How Should the Next President Use Military Force?

How Should the Next President Use Military Force?

Recent history offers powerful lessons in wielding American power abroad.

 

The race for the White House is sharpening the debate about how the next president should use America’s formidable military power. There will no doubt be calls to use military force—to remove ruthless dictators, prevent humanitarian catastrophes and support democratic uprisings. Crises will arise in the Middle East as the Arab Spring continues to unwind. What should the next commander-in-chief do?

Hold your fire. Cool your jets. Keep your powder dry. As much as it may seem “tougher” and more “presidential” to use U.S. military force, recent history tells us that keeping it in the holster may be the best thing to do in the long run to improve regional and global security. If the Iran nuclear agreement taught us anything, it’s that diplomacy can bear great fruits for peace and security. And as we learned the hard way in Iraq and Libya, military interventions have an alarming way of coming out all wrong.

 

As retired general and former secretary of state Colin Powell put it last year, “as we learned, especially in Libya, when you remove the top [leadership] and the whole thing falls apart, there’s nothing underneath it [and] you get chaos.” Advising President George W. Bush about war in Iraq, Powell famously warned, “You break it, you own it.”

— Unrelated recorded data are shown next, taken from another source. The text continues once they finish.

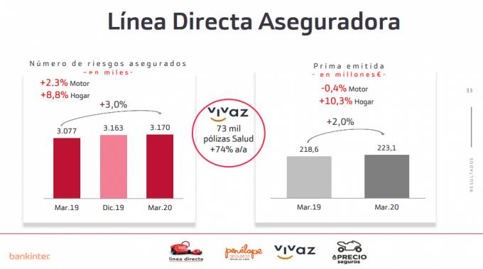 El volumen de primas de la aseguradora alcanzó los 223,1 millones, mejorando las cifras de marzo pasado en un 2%. La parte de primas relacionados con motor se mantuvo estable -ligera caída del 0,4%-, mientras que Hogar avanzó un 10,4%. Por su parte, Vivaz, la marca de Salud de la compañía, registró 73.000 pólizas
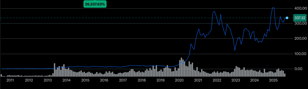 Cổ phiếu Tesla đi theo hướng ngược lại trong năm 2025. Sau khi đạt đỉnh kỷ lục vào cuối 2024, cổ phiếu giảm mạnh do giao hàng chậm lại và cạnh tranh gia tăng. Dù đôi lúc tăng trở lại cho thấy nhà đầu tư vẫn hứng khởi, nhưng xu hướng chung là giảm, phản ánh những trở ngại vận hành và định giá quá cao.
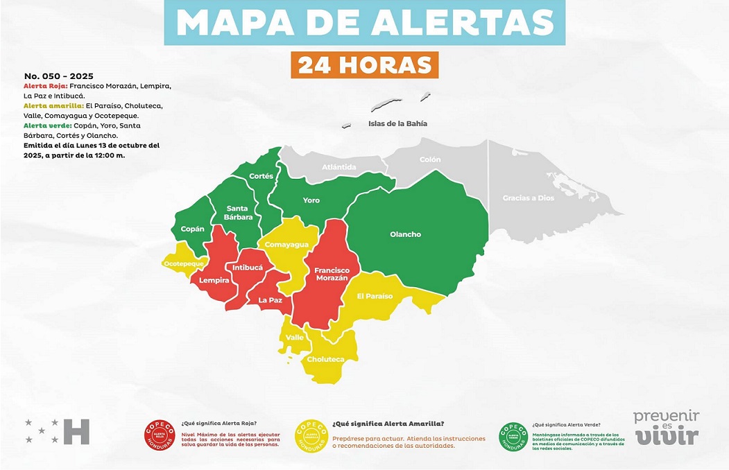 Tegucigalpa, Honduras.- La Secretaría de Gestión de Riesgos y Contingencias Nacionales (Copeco) ha decidido extender por 24 horas más la Alerta Roja en cuatro departamentos de Honduras debido a la persistente lluvia provocada por el desplazamiento de una vaguada que afecta a varias regiones del país. Además, se mantiene la Alerta Amarilla en cinco departamentos y la Alerta Verde en otros cinco, como medida preventiva ante las condiciones climáticas adversas.
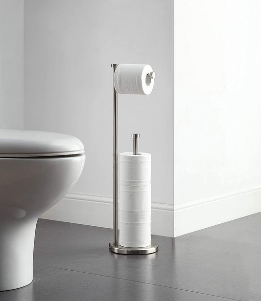 Free Standing Bathroom Toilet Paper Holder Stand with Reserve, Reserve Area Has Enough Space for Jumbo Roll
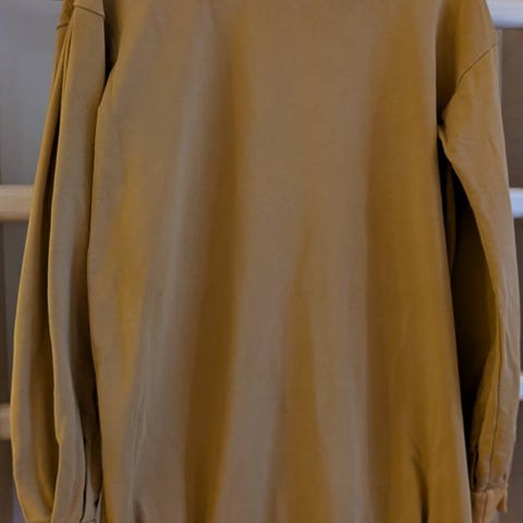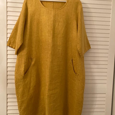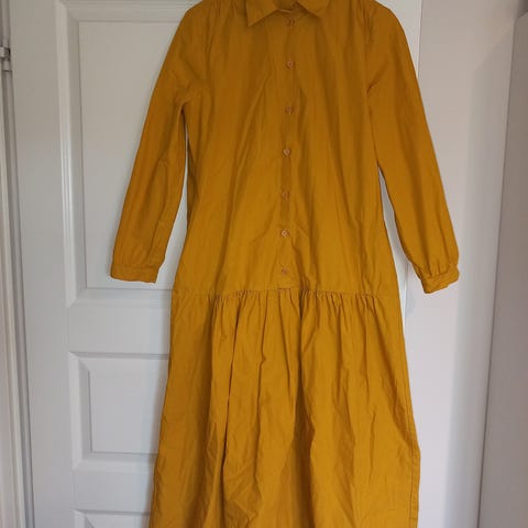 Okrankeltainen samettimekko. Koko L. Leveä frillahelma, nappilista. Kuminauhat hihansuissa. Pari kertaa käytetty.
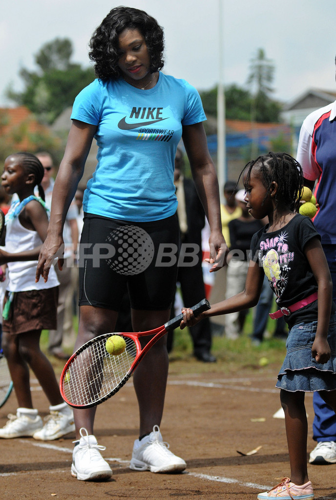 ケニアの首都ナイロビ(Nairobi)にあるSadili Ovalセンターで、子供たちにテニスを教える米テニス選手のセリーナ・ウィリアムズ(Serena Williams)さん。セリーナさんは地元のNGO団体「Build African Schools」と米コンピューター大手ヒューレット・パッカード(Hewlett Packard、HP)と協力して、ケニア東部に「The Serena Williams Secondary School」を開校した。開校の目的は、特にエイズ(HIV/AIDS)や貧困による中退率が高い地域に教育を普及させることだという。(2008年11月15日撮影)。(c)AFP/Tony KARUMBA
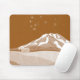 Uma ilustração de Syme hut no Pico de Fathoms, com o Monte Taranaki ao fundo. Esta design é desenhada num monocromo castanho e tem as estrelas Matariki sobre ela no céu. Um design para qualquer um que adora caminhar e vagar na Nova Zelândia.
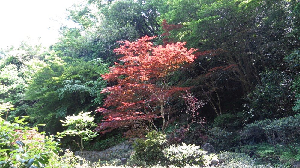 | Förutom alla tempel och helgedomar, så finns också några fina vandringsvägar genom skogarna mellan de olika templen. Denna scen är dock inte från någon sådan stig, utan från parken kring templet Tokei-ji. | ||
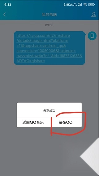 4、分享到电脑成功之后,请选择留在QQ;
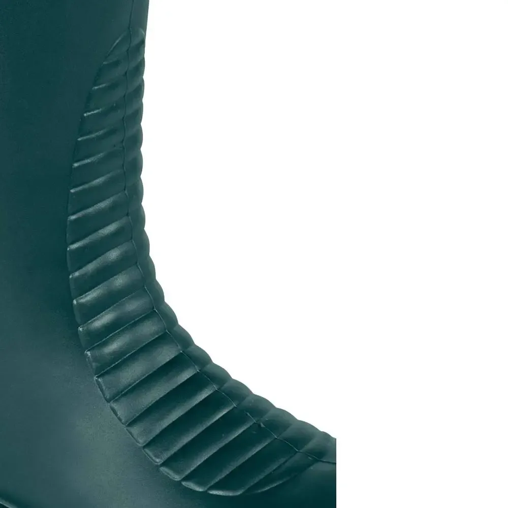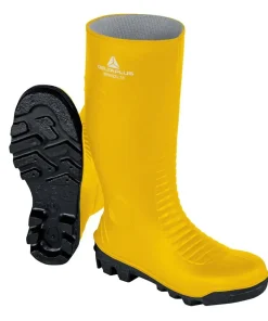 Botas de goma de seguridad en caña alta para trabajos con lluvia, humedad, barro u otras circunstancias en las que el trabajador necesite un calzado de seguridad que proteja del agua y mantenga los pies del trabajador secos.
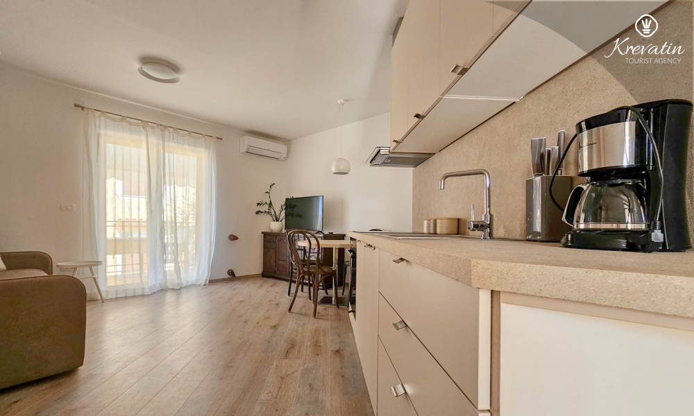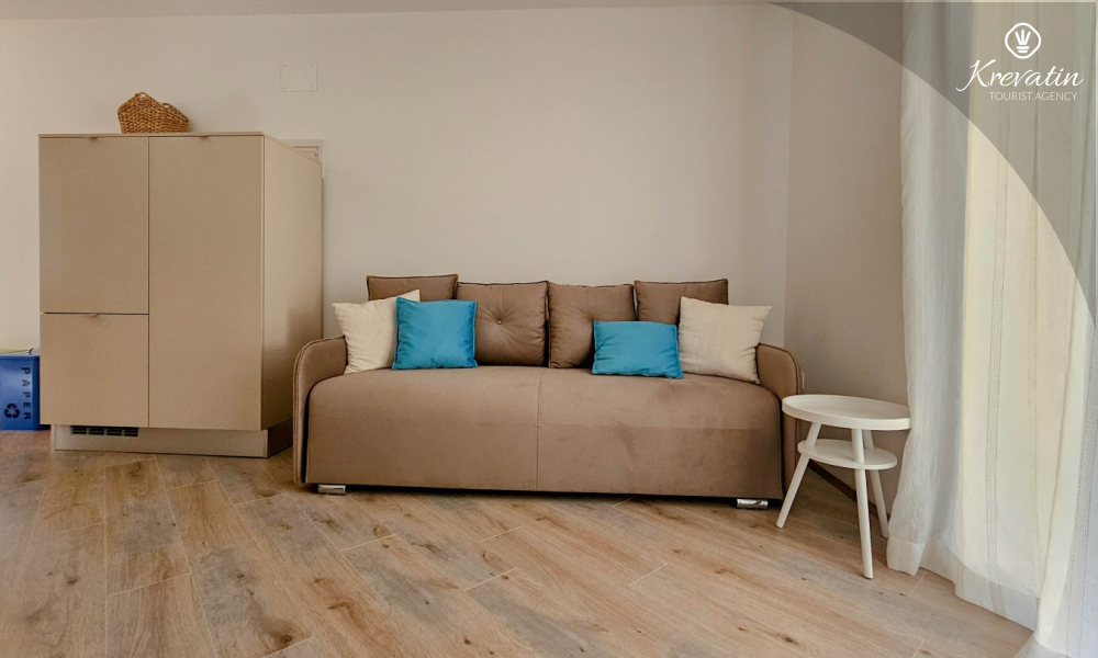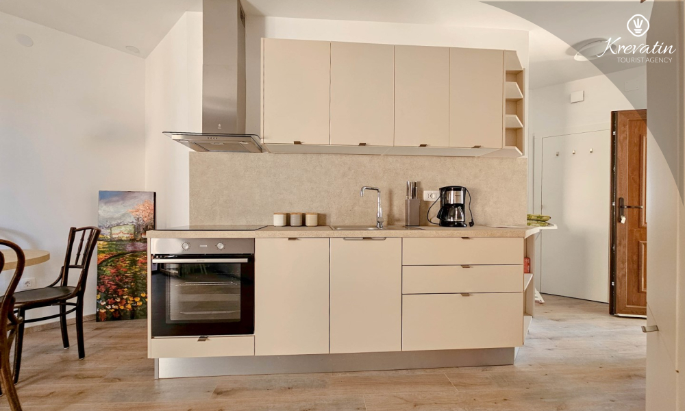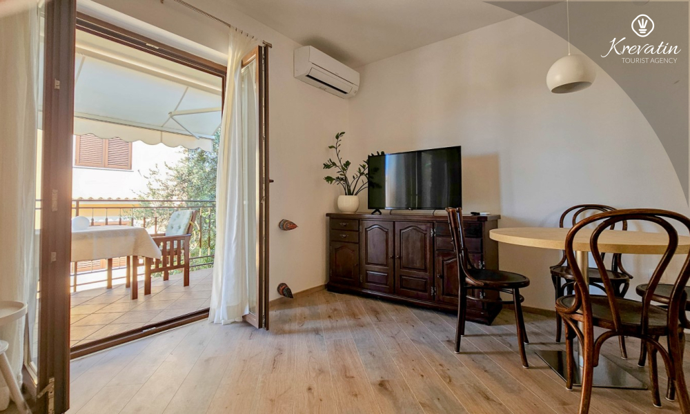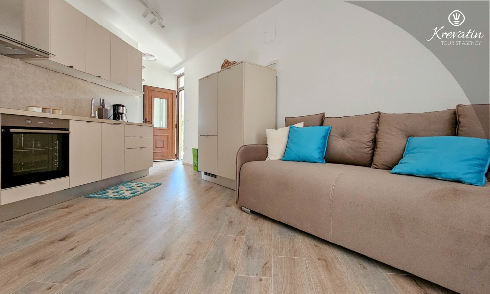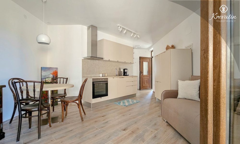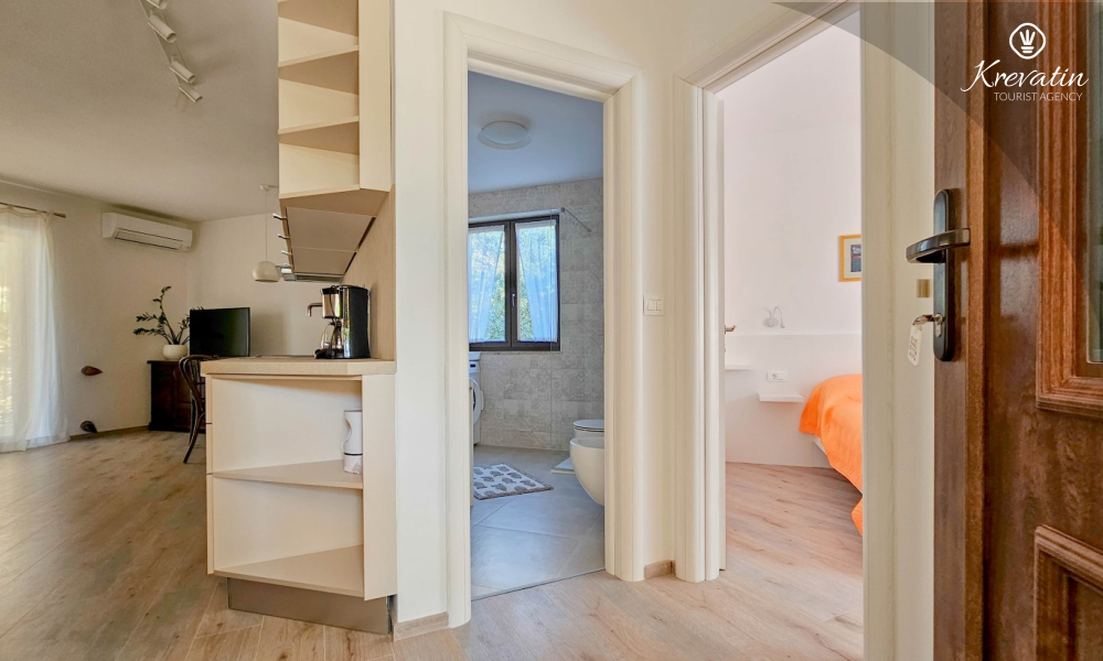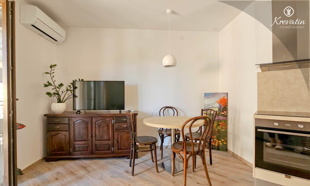 L'appartamento si trova al primo piano di una casa familiare e offre una sistemazione confortevole per due persone.

These are crucial lessons for the next president to understand. Yet it’s not clear that all of the candidates have fully grasped them.

Donald Trump says that the United States should not have intervened in Iraq or Libya. Yet his testosterone-soaked plan for dealing with Islamic State terrorists raises concerns that he might stumble into military entanglements of his own. “I would bomb the shit out of them,” he said last year. As an open letter from more than fifty Republican national security experts put it, Trump “swings from isolationism to military adventurism within the space of one sentence.”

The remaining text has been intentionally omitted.